##### Exercise data #####

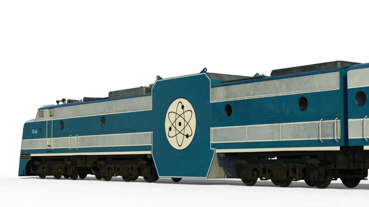 X-12, this concept was created by Dr. Lyle Borst and his physics students at the Univeristy of Utah after consulting the Association of American Railroads and a dozen different companies. As big as the largest steam engine, the two-sectioned X-12 would be 160 feet long, would be powered by a steam-generating atomic reactor in a 200-ton shield to contain its intense radiation. The whole engine would weigh a massive 360 tons, and its wheels would be driven by electric motors. The reactos itself, designed by Babcock & Wilcox Co., consists of a cylindrical tank three feet in diameter and a foot long, filled with a solution of fissionable U0235. As the control rods are withdrawn, chain reaction in the uranium heats the solution to 460°F. Water piped into thousands of tubes running through the cylinder is turned to steam by reactor's heat. After passing through a moisture trap the steam goes on to turn the turbine, which drives four electric generators, two on each side of the reactor shield, producing 7,000 hp. On leaving the turbine the steam is reconverted to water by a condenser, then flows back to the reactor once more. Since a second water system is necessary to cool the condenser, Dr. Borst's design calls for a 65-foot radiator car behind the locomotive.
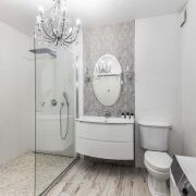 - В отделке использованы только премиальные материалы. Установлены итальянские двери с литой латунной фурнитурой и надёжным замком Union. Стены оформлены текстильными обоями итальянского производства, а пол и стены в ванной отделаны итальянской плиткой. Санфаянс бренда Jacob Delafon подчеркивает уровень качества. В душе установлена система тропического дождя. Освещение продумано до мелочей. Чешские люстры с 24-каратным золочением наполняют комнаты мягким светом. Выключатели и розетки эксклюзивные, итальянского производства.
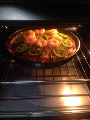 摆好虾仁青椒圈再撒适量马苏里拉
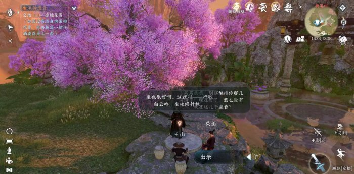 2、到桃溪村1373.1308处与王山对话并提交一坛“桃花雪”
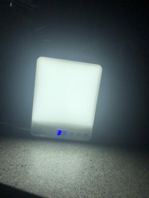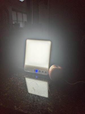 I was excited to try this light, as I have mild depression that is exacerbated by a lack of sunlight—a real problem during a Midwestern winter! I’m so glad I tried it, because the light works very well for me. I definitely feel an energy boost after I use it! Even on the lowest setting, the light is bright and effective; the photo I’m including shows the lowest setting. Other lights were on in the room when I took the photo, but because the light is so bright, it makes everything else around it look dark.
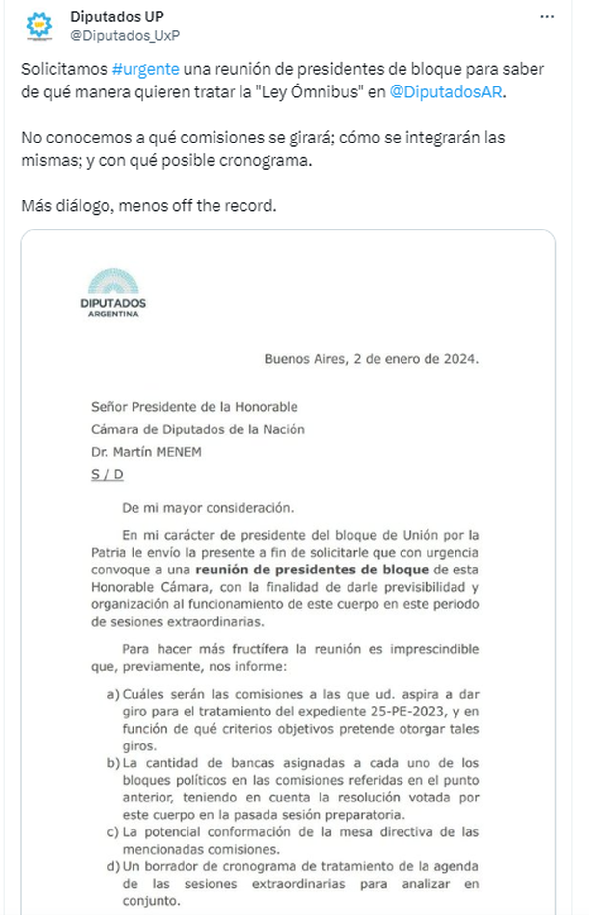 Ante la incertidumbre que reina sobretodo en la Cámara de Diputados de la Nación, el presidente del bloque de Unión por la Patria, Germán Martínez envió una dura carta a Martín Menem solicitándole con urgencia que convocara a los presidentes de bloque para organizar las sesiones extraordinarias y saber a qué comisiones pretendía enviar aquella megaley.
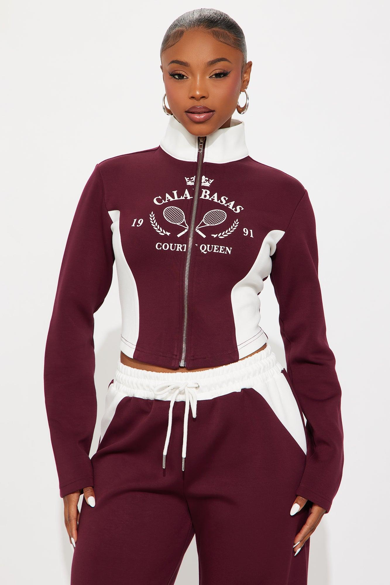 Available In Burgundy And Kelly Green. 2 Piece Ensemble Track Jacket And Pant Set Stretch Cropped Drawstring Waistband Disclaimer: Due To The Printing Process A Difference In Saturation May Occur. Each Garment Is Unique. 48% Polyester 44% Rayon 8% Spandex Imported California Proposition 65WARNING: Cancer and Reproductive Harm - www.P65Warnings.ca.gov.

#####

Work request: In repeating the lines above, keep the wording exact and leave every picture out.

Reply:
 X-12, this concept was created by Dr. Lyle Borst and his physics students at the Univeristy of Utah after consulting the Association of American Railroads and a dozen different companies. As big as the largest steam engine, the two-sectioned X-12 would be 160 feet long, would be powered by a steam-generating atomic reactor in a 200-ton shield to contain its intense radiation. The whole engine would weigh a massive 360 tons, and its wheels would be driven by electric motors. The reactos itself, designed by Babcock & Wilcox Co., consists of a cylindrical tank three feet in diameter and a foot long, filled with a solution of fissionable U0235. As the control rods are withdrawn, chain reaction in the uranium heats the solution to 460°F. Water piped into thousands of tubes running through the cylinder is turned to steam by reactor's heat. After passing through a moisture trap the steam goes on to turn the turbine, which drives four electric generators, two on each side of the reactor shield, producing 7,000 hp. On leaving the turbine the steam is reconverted to water by a condenser, then flows back to the reactor once more. Since a second water system is necessary to cool the condenser, Dr. Borst's design calls for a 65-foot radiator car behind the locomotive.
 - В отделке использованы только премиальные материалы. Установлены итальянские двери с литой латунной фурнитурой и надёжным замком Union. Стены оформлены текстильными обоями итальянского производства, а пол и стены в ванной отделаны итальянской плиткой. Санфаянс бренда Jacob Delafon подчеркивает уровень качества. В душе установлена система тропического дождя. Освещение продумано до мелочей. Чешские люстры с 24-каратным золочением наполняют комнаты мягким светом. Выключатели и розетки эксклюзивные, итальянского производства.
 摆好虾仁青椒圈再撒适量马苏里拉
 2、到桃溪村1373.1308处与王山对话并提交一坛“桃花雪”
 I was excited to try this light, as I have mild depression that is exacerbated by a lack of sunlight—a real problem during a Midwestern winter! I’m so glad I tried it, because the light works very well for me. I definitely feel an energy boost after I use it! Even on the lowest setting, the light is bright and effective; the photo I’m including shows the lowest setting. Other lights were on in the room when I took the photo, but because the light is so bright, it makes everything else around it look dark.
 Ante la incertidumbre que reina sobretodo en la Cámara de Diputados de la Nación, el presidente del bloque de Unión por la Patria, Germán Martínez envió una dura carta a Martín Menem solicitándole con urgencia que convocara a los presidentes de bloque para organizar las sesiones extraordinarias y saber a qué comisiones pretendía enviar aquella megaley.
 Available In Burgundy And Kelly Green. 2 Piece Ensemble Track Jacket And Pant Set Stretch Cropped Drawstring Waistband Disclaimer: Due To The Printing Process A Difference In Saturation May Occur. Each Garment Is Unique. 48% Polyester 44% Rayon 8% Spandex Imported California Proposition 65WARNING: Cancer and Reproductive Harm - www.P65Warnings.ca.gov.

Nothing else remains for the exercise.